* **TASK PROMPT**: A full, exact copy of the listing is needed, with images omitted.

┌─ COLLECTED DATA

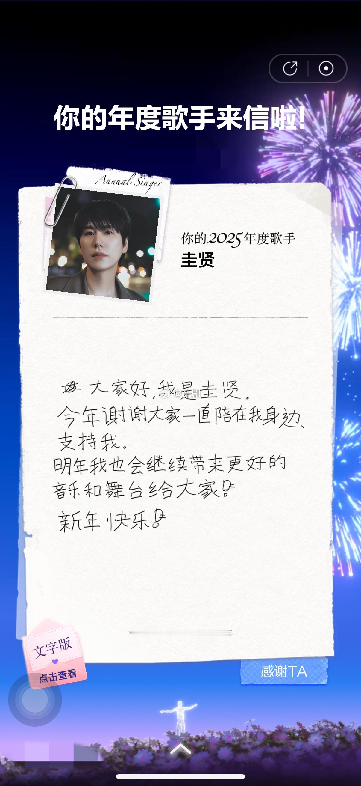 年度歌手手写信 张杰那封手写信写得又长又认真,像是在和歌迷好好聊了一整年,字里行间都是真诚和感谢,这种把大家放在心上的感觉,真的很让人感动。
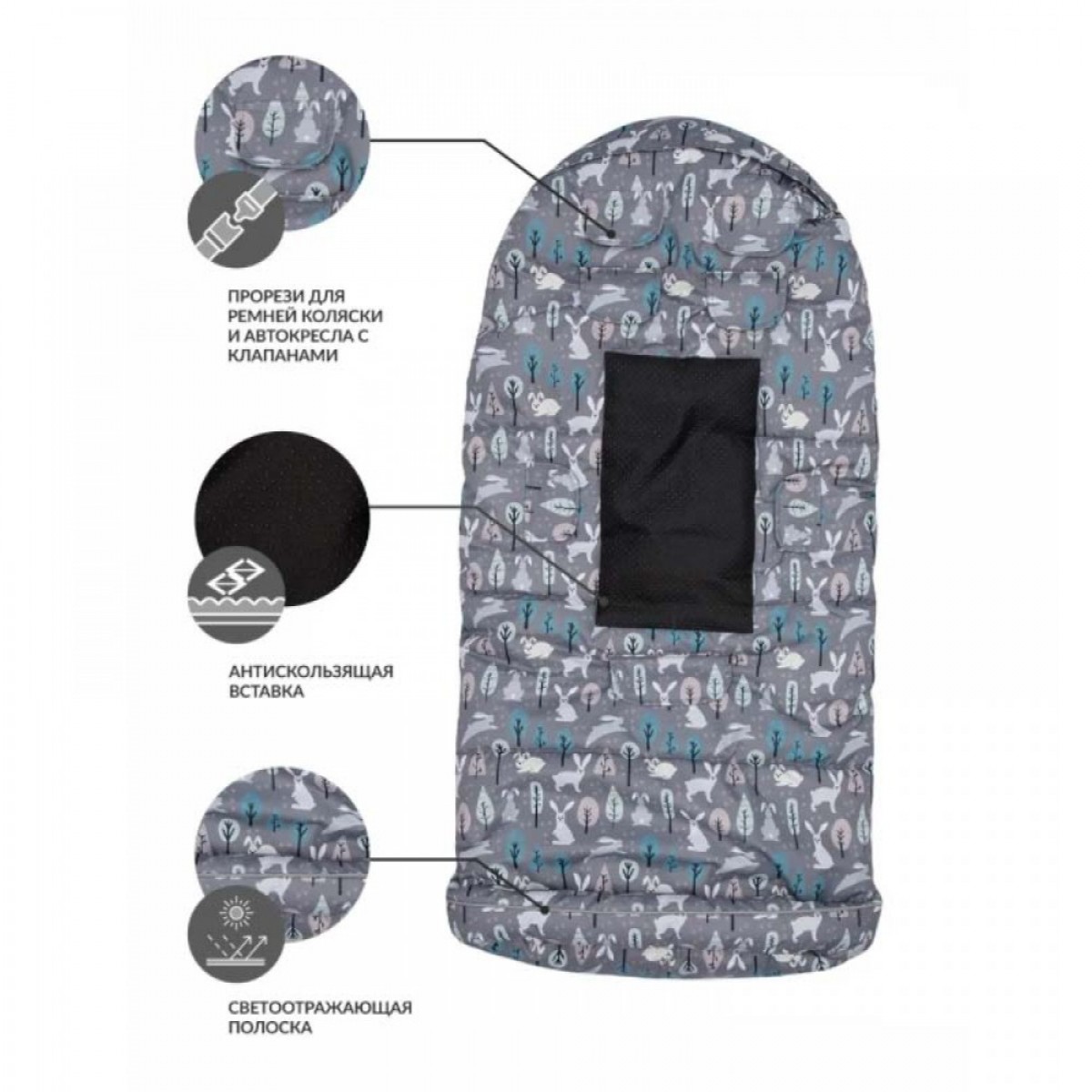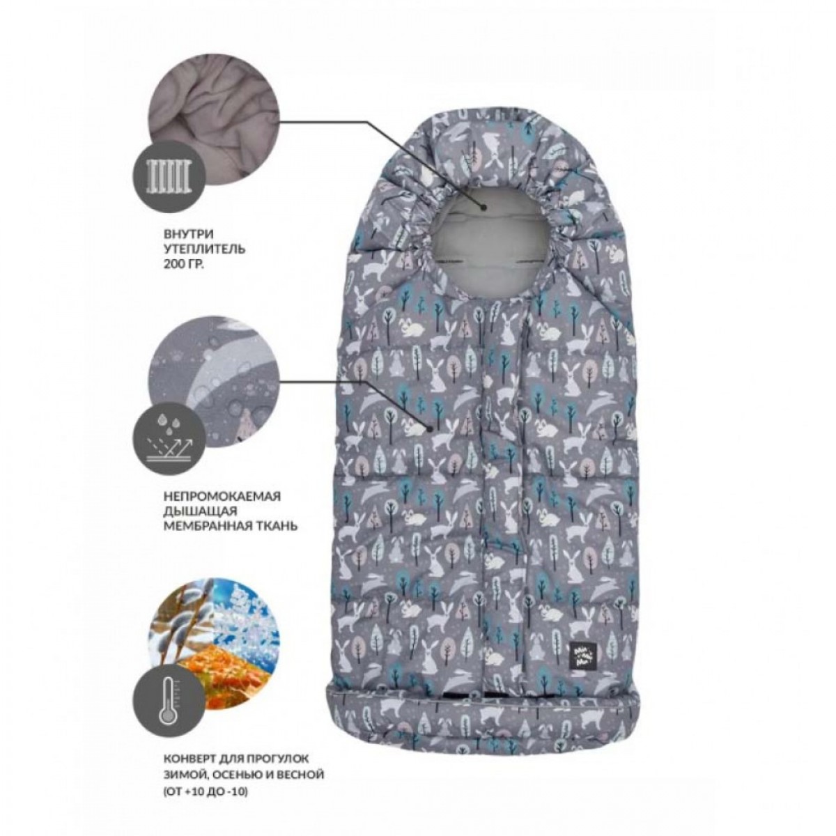 Прогулочный мембранный конверт в коляску Мимими от -30°С до +10°С "Серые зайцы"
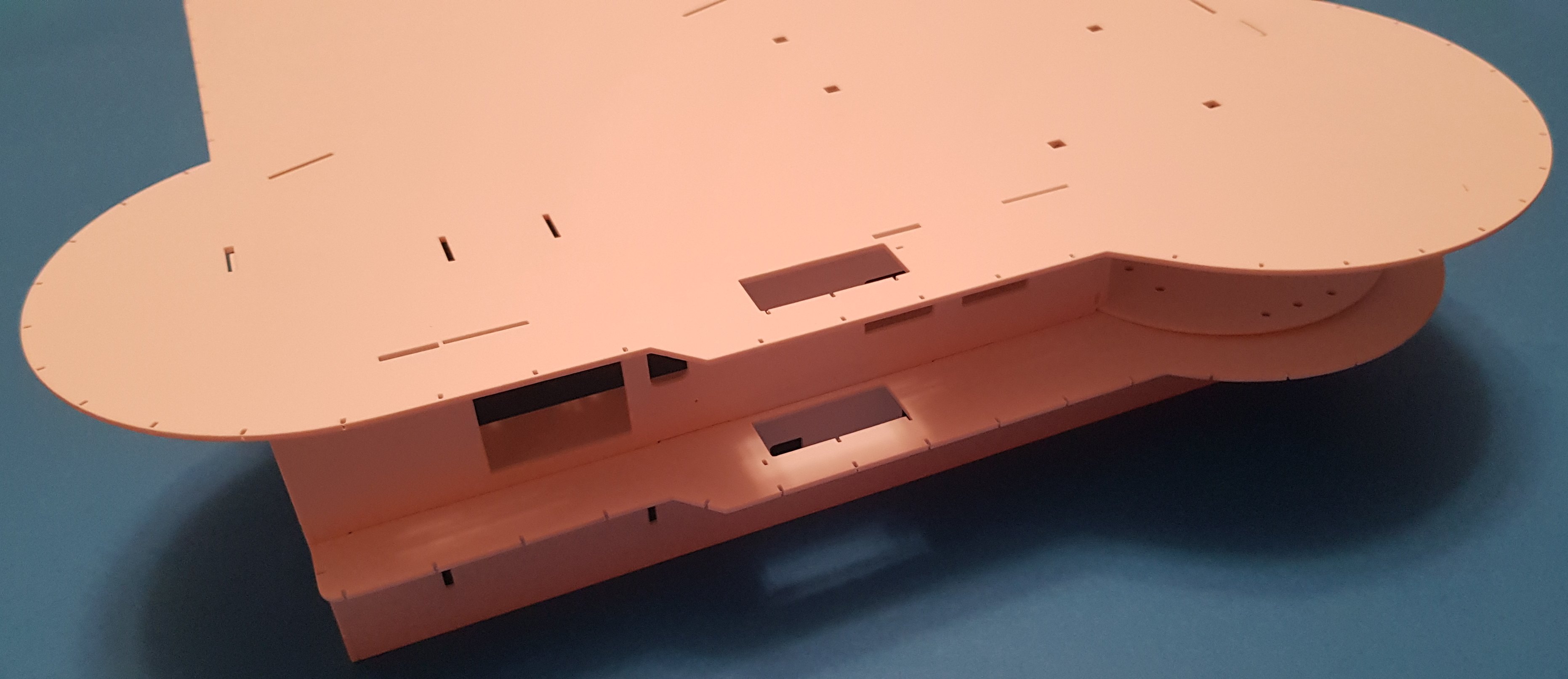 Dziękuje za kibicowanie. Doszły studnie moonpoolu i wysuwanego sonaru oraz dziura pod pionowy wysuwany ster strumieniowy i hangar pojazdu ROV. Podziałałem również przy dolnym poziomie nadbudówki.
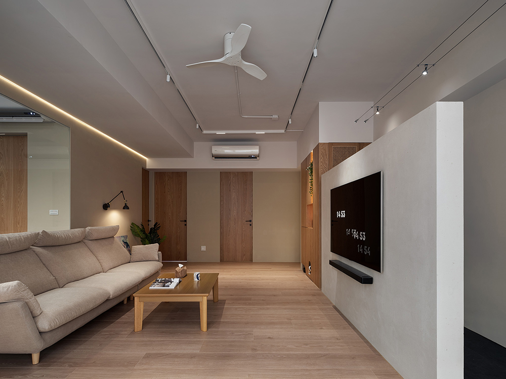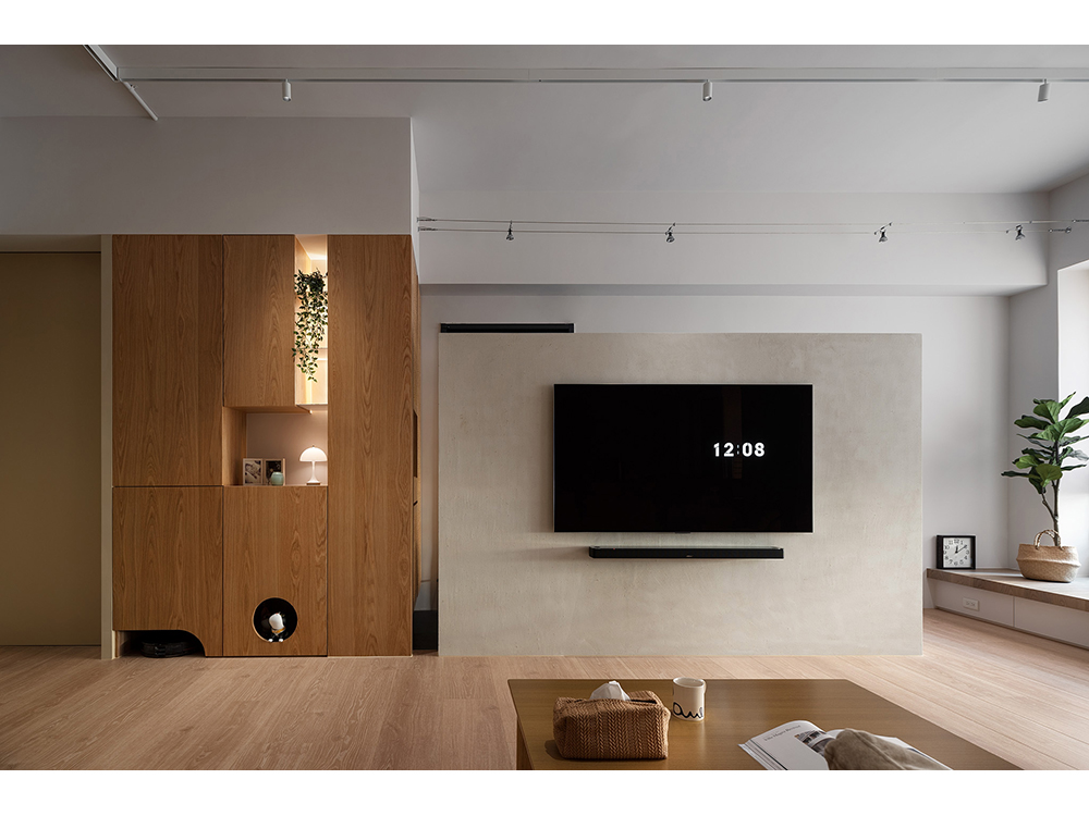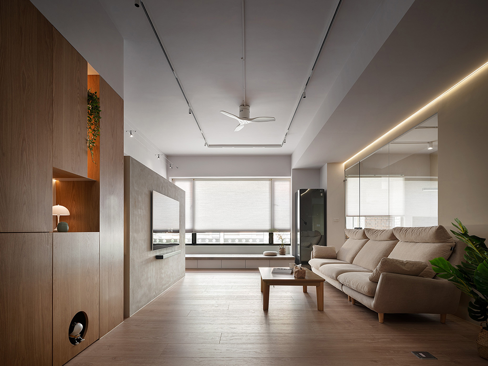 在色調方面,選擇了柔和的奶茶色與自然的橡木原色,營造溫暖且放鬆的氛圍。

└─

* **OUTPUT OF THE TASK**:
 年度歌手手写信 张杰那封手写信写得又长又认真,像是在和歌迷好好聊了一整年,字里行间都是真诚和感谢,这种把大家放在心上的感觉,真的很让人感动。
 Прогулочный мембранный конверт в коляску Мимими от -30°С до +10°С "Серые зайцы"
 Dziękuje za kibicowanie. Doszły studnie moonpoolu i wysuwanego sonaru oraz dziura pod pionowy wysuwany ster strumieniowy i hangar pojazdu ROV. Podziałałem również przy dolnym poziomie nadbudówki.
 在色調方面,選擇了柔和的奶茶色與自然的橡木原色,營造溫暖且放鬆的氛圍。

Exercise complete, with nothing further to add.